There are two top level blocks: config and app.  In the config block there
are statements and backend blocks.  In the app block there are sequence,
table, config, and controller blocks (plus a set of literal statements).
Table blocks have field blocks, while controller blocks have methods.

But the simplicity of bigtop structure still leaves a little to be desired.
The problem is the proliferation of useful keywords.  While each has its
place and use, remembering them is hard.

After much thought and several abortive attempts at helping you write
bigtop files, I began the tentmaker.  It allows you to edit your bigtop
files with a browser (as long as your browser is DOM compliant, think
firefox not IE).

If you've install bigtop and the tentmaker templates that come with it,
you can start tentmaker easily enough:

    tentmaker [--port=8081]

Then point your browser to the port you chose.
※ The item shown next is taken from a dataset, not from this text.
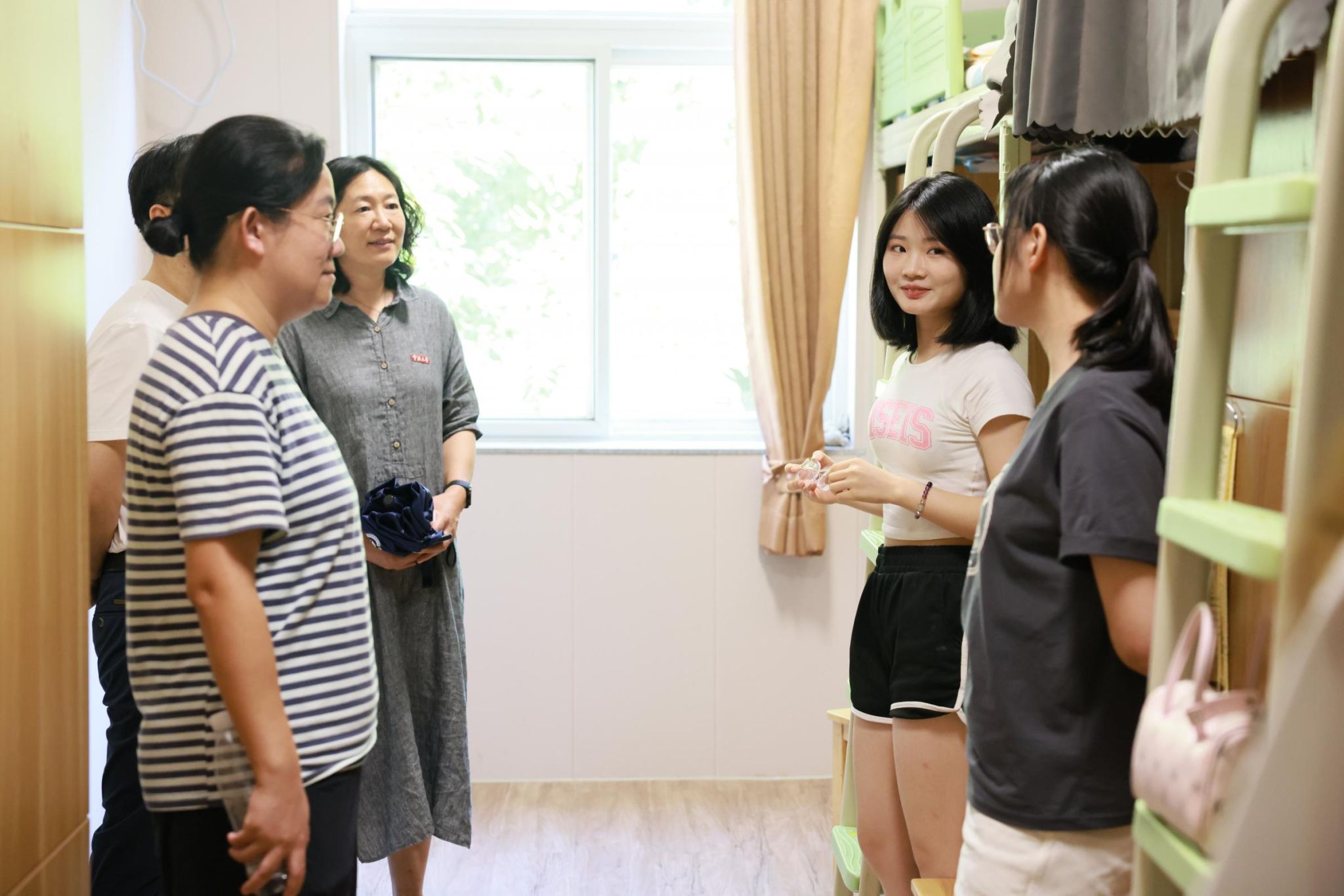 党委书记霍妍、党委副书记姜萍、副院长徐松、副院长李莉、工会主席李茂华及新生班主任、辅导员一行走进新生宿舍,与同学们“拉家常、聊近况、话学业”,送上来自51吃瓜

Tentmaker does not do everything.  Here's a list of what it can't handle:

    * whitespace preservation

    * comment preservation or management

    * table level data statements (but you can fake these with literal SQL
      statements

    * non-standard destinations for do_add, do_edit, etc.

Unfortunately, editing a bigtop file which uses the above features with
tentmaker will likely silently delete things you care about when it saves
your file.  For whitespace, this is a minor annoyance, for the others
it could be fatal to your app's proper functioning.